The AN/FPS-17 Detection Radar at the Shemya AFB became operational in May 1960, and the AN/FPS-80 Tracking Radar became operational on April 1, 1962.

Blue Nine refers to the project which produced the AN/FPS-79 Tracking Radar Set built by General Electric, used with the Air Force 466L Electromagnetic Intelligence System (ELINT).

==Aftermath==
The Diyarbakir space surveillance site operated a detection radar (FPS-17) and a tracking radar (FPS-79) throughout the 1960s and 1970s. If a new space object was sensed by the detection radar's fans, then the tracking radar could be oriented to achieve lock-on and tracking.
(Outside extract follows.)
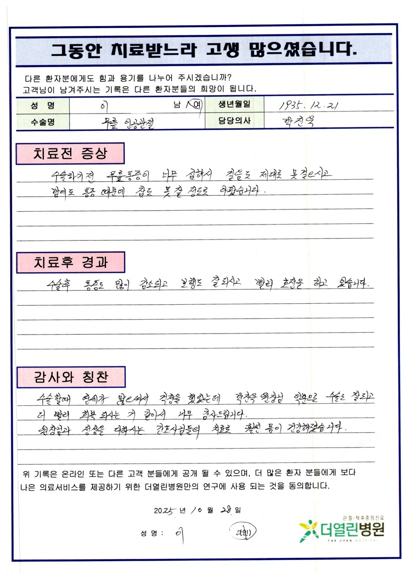 좌측 무릎 인공관절치환술 페이지 정보 작성자 관리자 댓글 0건 조회 46회 작성일 25-11-06 13:26 본문 목록 이전글좌측 원위 대퇴 관혈적 정복술 및 내고정술 25.12.03 다음글좌측 무릎 반월상연골절제술 25.11.06 댓글목록 댓글목록 등록된 댓글이 없습니다.
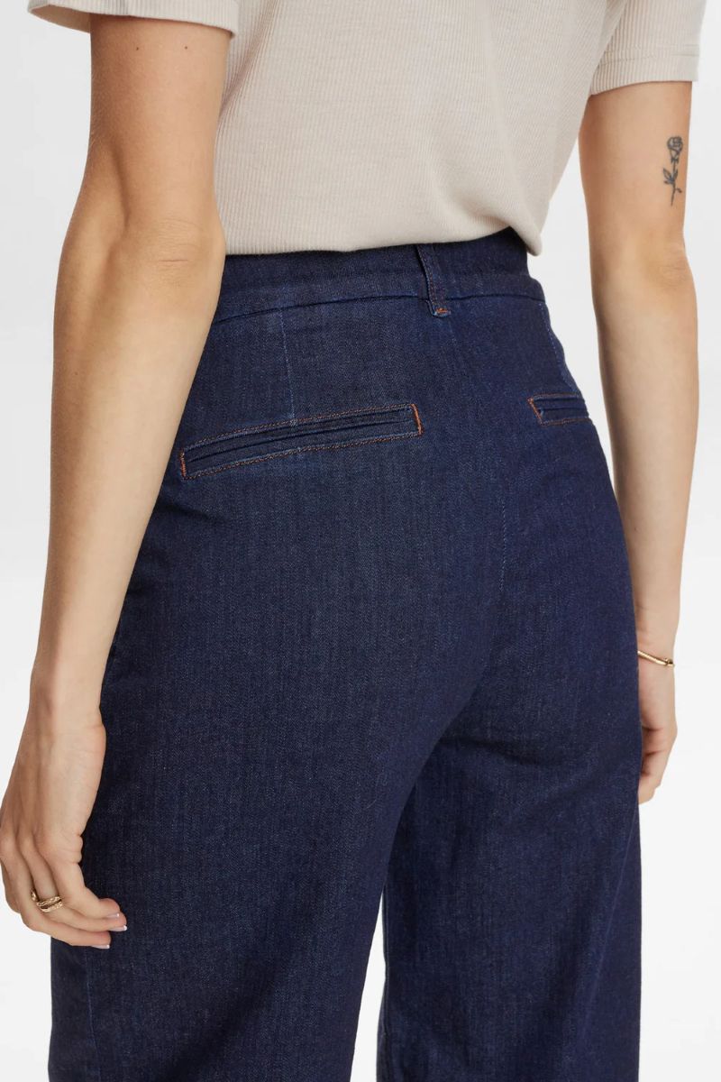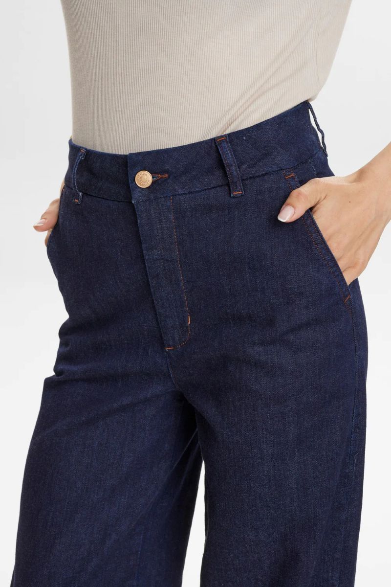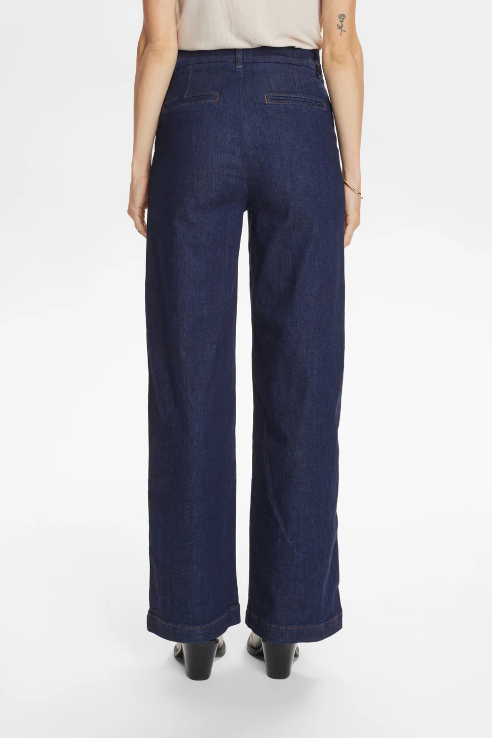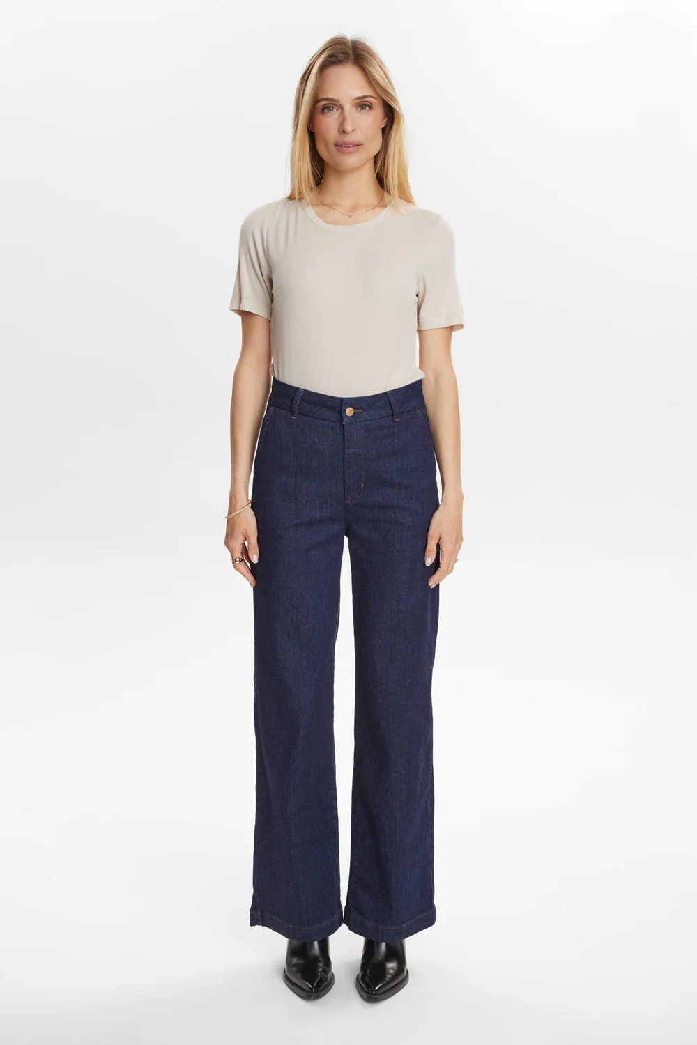 Denne jeans fra danska Nümph er en meget populær og velsiddende buks.  NUAMBER PANTS har høj talje og brede ben. En tendens der fortsætter. Disse jeans har skrålommer og snydelommer bagpå. Der er fastlinning med bæltestropper. Her er den kommet i en mørkeblå farve. Den har ankellængde, noget som passer godt til støvler og hvis du generelt gerne vil vise dine sko.  Vi er glade for jeans fra Nümph og denne model sidder virkelig godt.

The orientation was governed by knowledge of the appropriate "normal" object's astrodynamic laws of motion, or by an assumption as to launch point. Thus, if an unknown was detected, and if it followed an unusual path, it was unlikely that it could, or would, be tracked. Furthermore, the director of the radar could make a decision that the unknown object detected is not of interest (because of the location of the FPS-17 fan penetration or because of the lack of prior information on a possible new launch). In the absence of detection fan penetration (the fan had a rather limited coverage), the FPS-79 tracking radar was tasked to follow other space objects on a schedule provided by the Space Defense Center, and again there was almost no likelihood that an anomalistic object could, or would, be tracked.

The success of the FPS-17 technology led directly to the development of the larger and more powerful Ballistic Missile Warning System (BMEWS). BMEWS detection and tracking radars were prototyped on Trinidad Island and the operational installations were made at Thule, Greenland; Clear, Alaska; and Fylingdales Moor, UK.